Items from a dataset
★ ★ ★ ★ ★

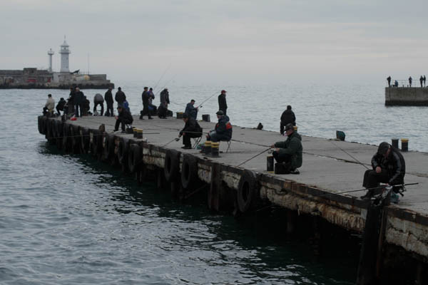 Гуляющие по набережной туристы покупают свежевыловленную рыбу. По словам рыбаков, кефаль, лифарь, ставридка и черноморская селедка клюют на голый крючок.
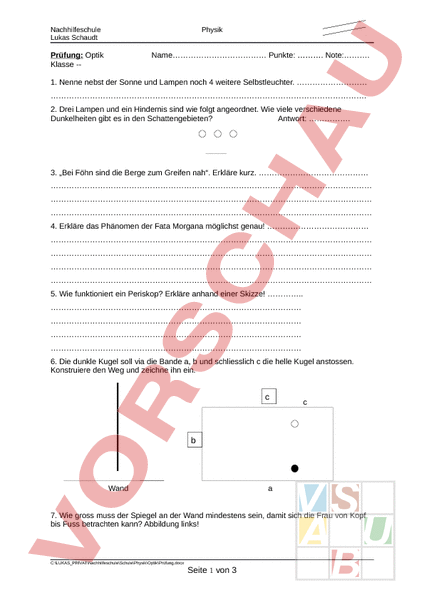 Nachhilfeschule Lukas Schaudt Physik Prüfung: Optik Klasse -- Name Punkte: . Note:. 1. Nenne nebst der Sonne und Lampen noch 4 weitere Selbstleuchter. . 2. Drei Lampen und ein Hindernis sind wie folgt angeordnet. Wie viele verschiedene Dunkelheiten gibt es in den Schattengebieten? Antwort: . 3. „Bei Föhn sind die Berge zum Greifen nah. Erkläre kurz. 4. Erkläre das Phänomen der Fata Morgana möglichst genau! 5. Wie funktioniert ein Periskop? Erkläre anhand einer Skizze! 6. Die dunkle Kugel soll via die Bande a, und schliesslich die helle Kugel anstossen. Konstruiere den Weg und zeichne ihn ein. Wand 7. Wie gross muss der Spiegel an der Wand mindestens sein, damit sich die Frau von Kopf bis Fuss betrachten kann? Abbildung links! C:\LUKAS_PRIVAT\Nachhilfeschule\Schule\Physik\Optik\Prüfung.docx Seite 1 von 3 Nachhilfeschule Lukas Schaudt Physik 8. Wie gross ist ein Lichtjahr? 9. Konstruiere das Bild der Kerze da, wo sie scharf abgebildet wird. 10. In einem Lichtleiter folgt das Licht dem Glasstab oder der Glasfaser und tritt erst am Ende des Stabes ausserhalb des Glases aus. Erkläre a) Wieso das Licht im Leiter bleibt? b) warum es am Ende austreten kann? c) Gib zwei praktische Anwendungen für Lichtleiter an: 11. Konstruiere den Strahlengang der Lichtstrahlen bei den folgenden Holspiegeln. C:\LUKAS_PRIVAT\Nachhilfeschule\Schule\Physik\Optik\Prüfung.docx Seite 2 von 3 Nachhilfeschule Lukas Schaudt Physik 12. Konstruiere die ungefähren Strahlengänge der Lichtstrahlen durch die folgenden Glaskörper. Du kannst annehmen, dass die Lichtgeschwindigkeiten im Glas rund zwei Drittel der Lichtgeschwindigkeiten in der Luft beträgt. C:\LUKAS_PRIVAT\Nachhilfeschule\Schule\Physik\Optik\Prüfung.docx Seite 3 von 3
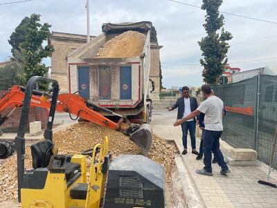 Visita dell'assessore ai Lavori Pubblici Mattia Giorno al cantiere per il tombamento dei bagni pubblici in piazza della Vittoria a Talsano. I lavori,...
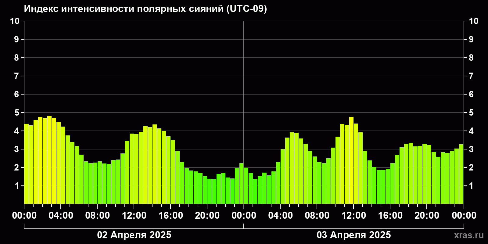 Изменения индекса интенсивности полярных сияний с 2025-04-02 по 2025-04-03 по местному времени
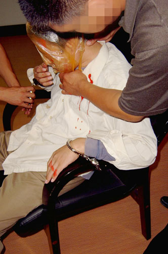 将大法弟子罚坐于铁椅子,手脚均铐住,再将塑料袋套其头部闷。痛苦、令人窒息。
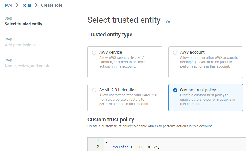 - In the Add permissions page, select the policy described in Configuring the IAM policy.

★ ★ ★ ★ ★

# What to produce
Reprint the data verbatim, pictures excluded.

# Written answer
 Гуляющие по набережной туристы покупают свежевыловленную рыбу. По словам рыбаков, кефаль, лифарь, ставридка и черноморская селедка клюют на голый крючок.
 Nachhilfeschule Lukas Schaudt Physik Prüfung: Optik Klasse -- Name Punkte: . Note:. 1. Nenne nebst der Sonne und Lampen noch 4 weitere Selbstleuchter. . 2. Drei Lampen und ein Hindernis sind wie folgt angeordnet. Wie viele verschiedene Dunkelheiten gibt es in den Schattengebieten? Antwort: . 3. „Bei Föhn sind die Berge zum Greifen nah. Erkläre kurz. 4. Erkläre das Phänomen der Fata Morgana möglichst genau! 5. Wie funktioniert ein Periskop? Erkläre anhand einer Skizze! 6. Die dunkle Kugel soll via die Bande a, und schliesslich die helle Kugel anstossen. Konstruiere den Weg und zeichne ihn ein. Wand 7. Wie gross muss der Spiegel an der Wand mindestens sein, damit sich die Frau von Kopf bis Fuss betrachten kann? Abbildung links! C:\LUKAS_PRIVAT\Nachhilfeschule\Schule\Physik\Optik\Prüfung.docx Seite 1 von 3 Nachhilfeschule Lukas Schaudt Physik 8. Wie gross ist ein Lichtjahr? 9. Konstruiere das Bild der Kerze da, wo sie scharf abgebildet wird. 10. In einem Lichtleiter folgt das Licht dem Glasstab oder der Glasfaser und tritt erst am Ende des Stabes ausserhalb des Glases aus. Erkläre a) Wieso das Licht im Leiter bleibt? b) warum es am Ende austreten kann? c) Gib zwei praktische Anwendungen für Lichtleiter an: 11. Konstruiere den Strahlengang der Lichtstrahlen bei den folgenden Holspiegeln. C:\LUKAS_PRIVAT\Nachhilfeschule\Schule\Physik\Optik\Prüfung.docx Seite 2 von 3 Nachhilfeschule Lukas Schaudt Physik 12. Konstruiere die ungefähren Strahlengänge der Lichtstrahlen durch die folgenden Glaskörper. Du kannst annehmen, dass die Lichtgeschwindigkeiten im Glas rund zwei Drittel der Lichtgeschwindigkeiten in der Luft beträgt. C:\LUKAS_PRIVAT\Nachhilfeschule\Schule\Physik\Optik\Prüfung.docx Seite 3 von 3
 Visita dell'assessore ai Lavori Pubblici Mattia Giorno al cantiere per il tombamento dei bagni pubblici in piazza della Vittoria a Talsano. I lavori,...
 Изменения индекса интенсивности полярных сияний с 2025-04-02 по 2025-04-03 по местному времени
 将大法弟子罚坐于铁椅子,手脚均铐住,再将塑料袋套其头部闷。痛苦、令人窒息。
 - In the Add permissions page, select the policy described in Configuring the IAM policy.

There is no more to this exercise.